IDS Study 859, December 2007

Disciplinary procedures

  • Outlines the principles that underpin disciplinary procedures

  • Defines the types of misconduct covered in employers’ policies

  • Explains how to investigate allegations of misconduct and run disciplinary hearings

  • Looks at the sanctions available to employers and the appeals process

  • Summarises the current legal situation and the Acas code of practice

  • Draws on research from the procedures in place at 50 organisations

Disciplinary procedures are as much about preventing problems arising or nipping them in the bud as they are about dealing with misconduct. They aim to encourage good behaviour, honesty and a high standard of work. But when employees step out of line, employers have to act quickly to protect their good name, the efficiency of the business and the rights and safety of other workers.

For first and minor offences, employers may choose to deal with misconduct informally, perhaps through counselling or training. But employees are made aware that any further misconduct will almost certainly lead to formal disciplinary action being taken.

Disciplinary procedures allow for severe sanctions to be taken for persistent or serious offenders. Employers can withhold pay increments, demote or suspend employees.
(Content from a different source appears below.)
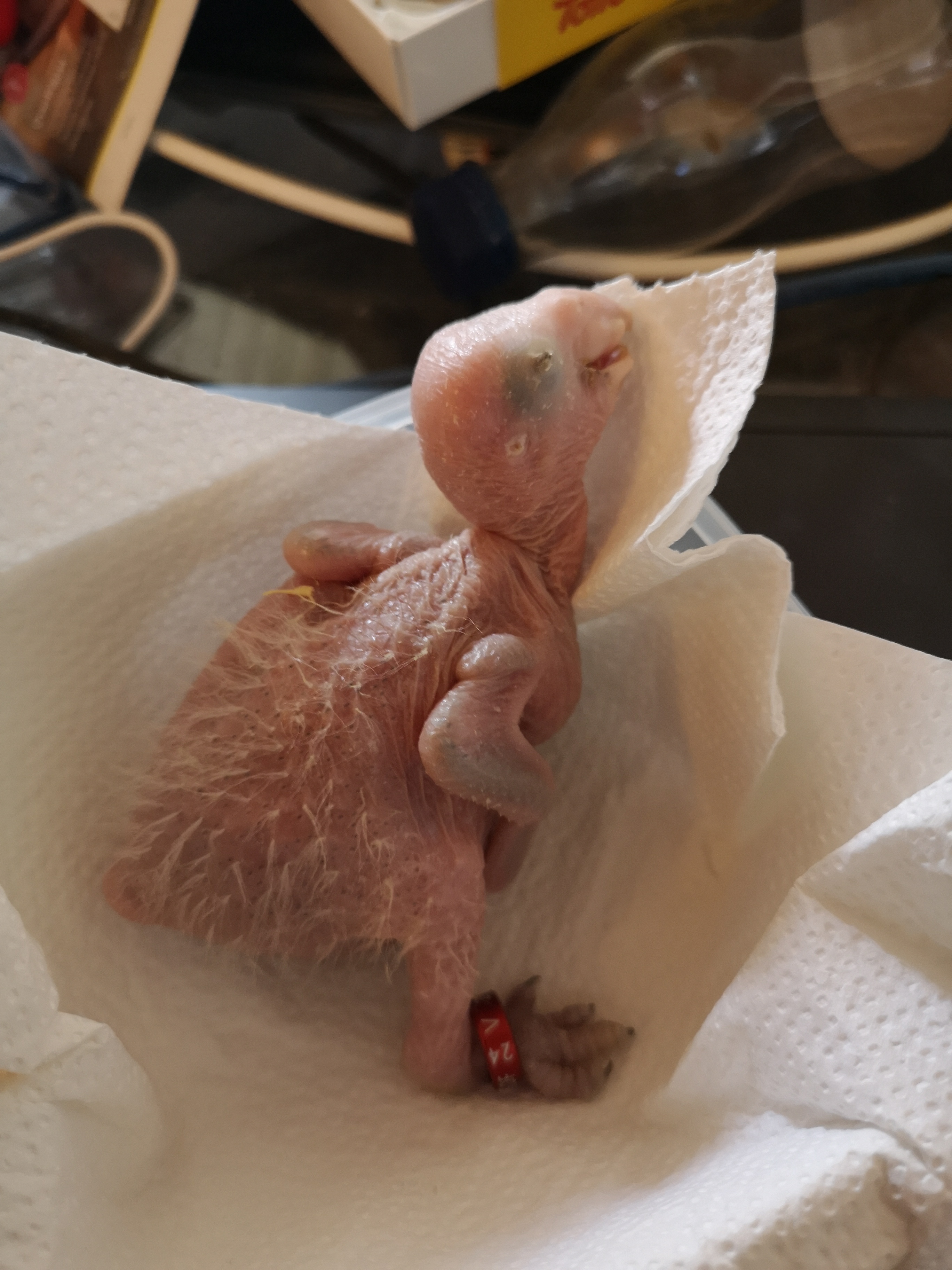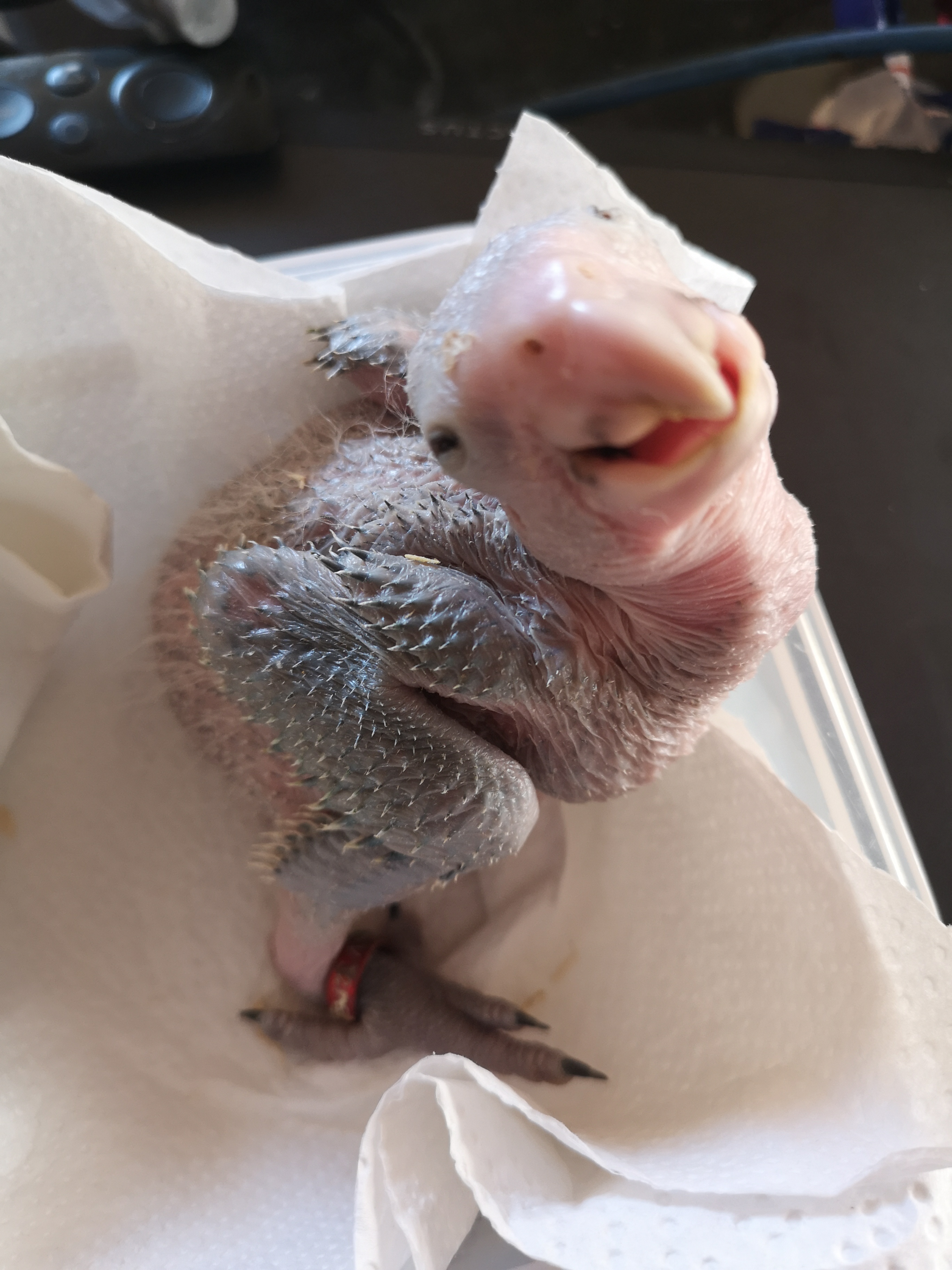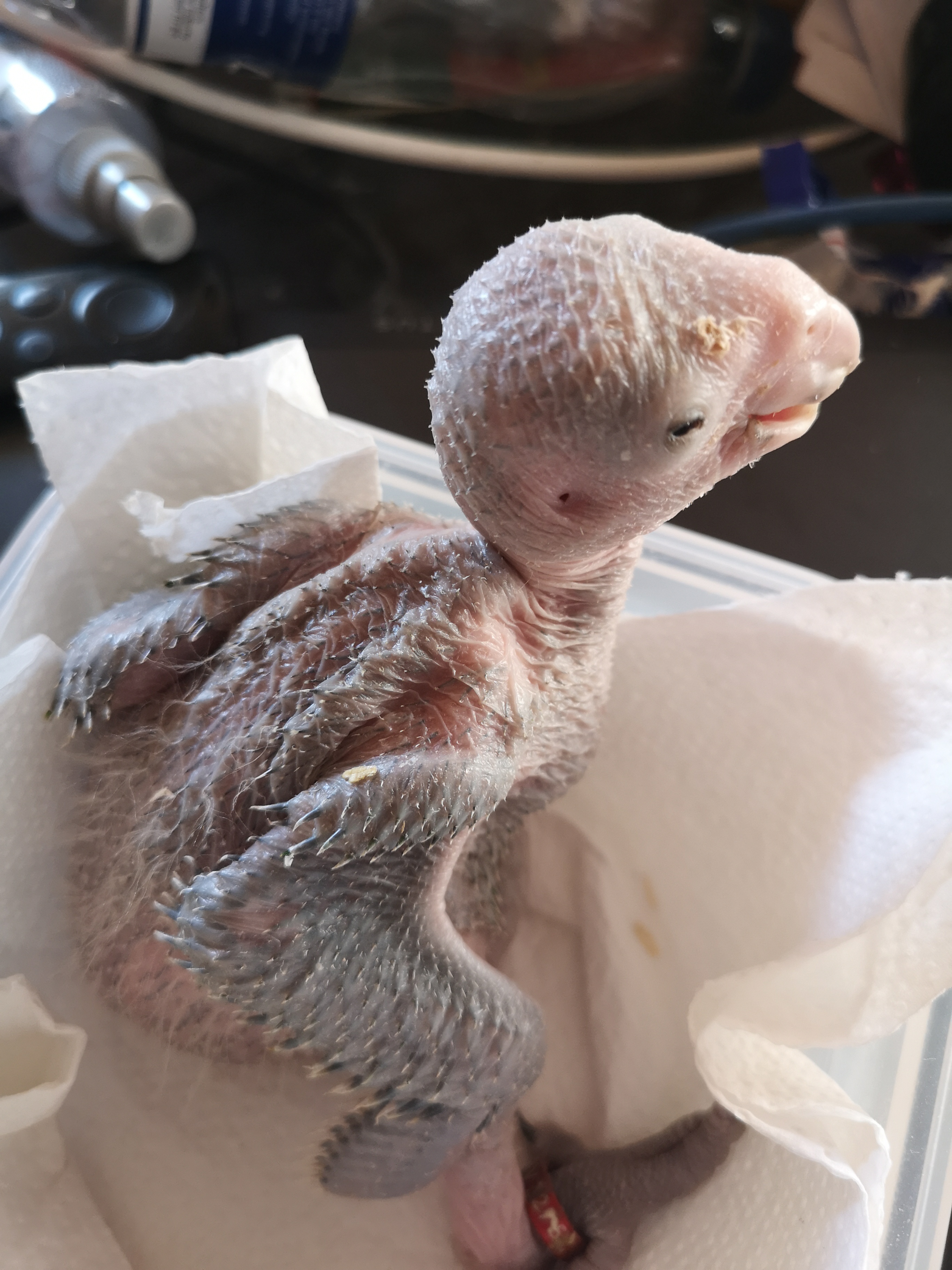 Det er en unge af Gulkindet amazone papegøje, 9 dage gammel.

Ultimately, they can dismiss employees if their conduct fails to improve, and, in cases of gross misconduct, sack them on the spot.

Currently, employers’ disciplinary procedures follow the Employment Act 2002 (EA) and Employment Act 2002 (Dispute Resolution) Regulations 2004. However, in response to widespread dissatisfaction with the way the dispute resolution procedures are working, the Government is considering new legislation.